Spherical coordinates to cartesian coordinates.

Question

I want to find out the distance between the centers of $2$ circles. Say, circle $1$ $(\theta,\phi)$ circle $2$ $(\theta,\phi)$

The radius of this circle is found using $d\tan(\theta)$ where $d$ is the range (different from radius)

$$cd=\sqrt{(x_1-x_2)^2 + (y_1-y_2)^2 + (z_1-z_2)^2}$$ is the formula I'm going to use to find out the distance between the $2$ points.

But can anyone help me in defining $x$, $y$ and $z$?

I know to convert it to Cartesian coordinates if say the points are $(r,\theta)$ where $r$ is the radius [$2$ dimensional]

cd is a euclidean distance between the centre of circle#1 (formed due to angles az(t,n),el(t,n) in space from transmitter t, at trial n and distance d away from origin) and circle#2 (formed due to angles az(r,n),el(r,n) in space from receiver r, at trial n and distance d away from origin)

Answer 1

In spherical coordinates, and generally in $\mathbb R^3$, it takes three coordinates to specify a point.

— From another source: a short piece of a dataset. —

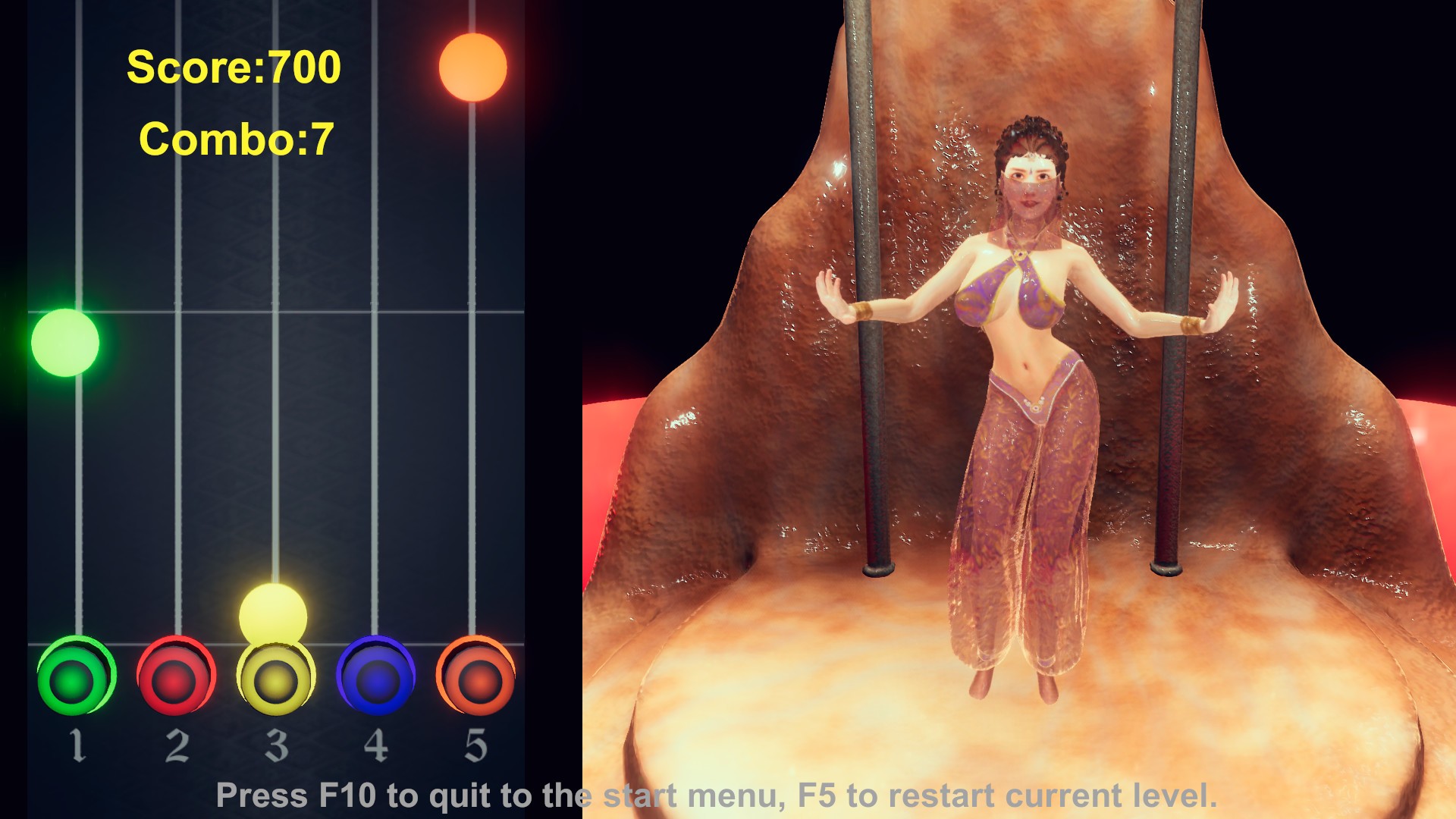 2 - У каждого танцора есть своя фоновая музыка, которая воспроизводит музыкальные ноты сверху вниз. Вы должны очень хорошо нажимать кнопки нот ниже, чтобы убедиться, что количество комбо-нажатий не меньше 100, а затем после того, как девушка закончив танцевать, ты можешь получить один билет.

If you only have $\phi, \theta$ you have a ray from the origin. You need the distance from the origin to get a point. Then, given $(r,\theta,\phi)$ for each point you can convert to Cartesian coordinates with $x=r \sin \theta \cos \phi, y=\sin \theta \sin \phi, z=r \cos \theta$

Added, based on your comment: The easiest is to erect a coordinate system at each transmitter. From transmitter 1, you know the point is at $(r_1,\theta_1,\phi_1)$, which you can convert to $(x_1,y_1,z_1)$. Then from transmitter 2, you know the vector is $(r'_2,\theta'_2,\phi'_2)$ where the primes indicate that the coordinate system is centered on transmitter 2. Hopefully your axes are aligned, that makes it easier. Convert this to $(x'_2,y'_2,z'_2)$, still referenced to transmitter 2. Then if transmitter 2 is at $(t2_x,t2_y,t2_z)$ in the transmitter 1 frame, the second point is at $(x'2+t2_x,y'_2+t2_y,z'_2+t2_z)$. Now you can use the usual Cartesian distance function.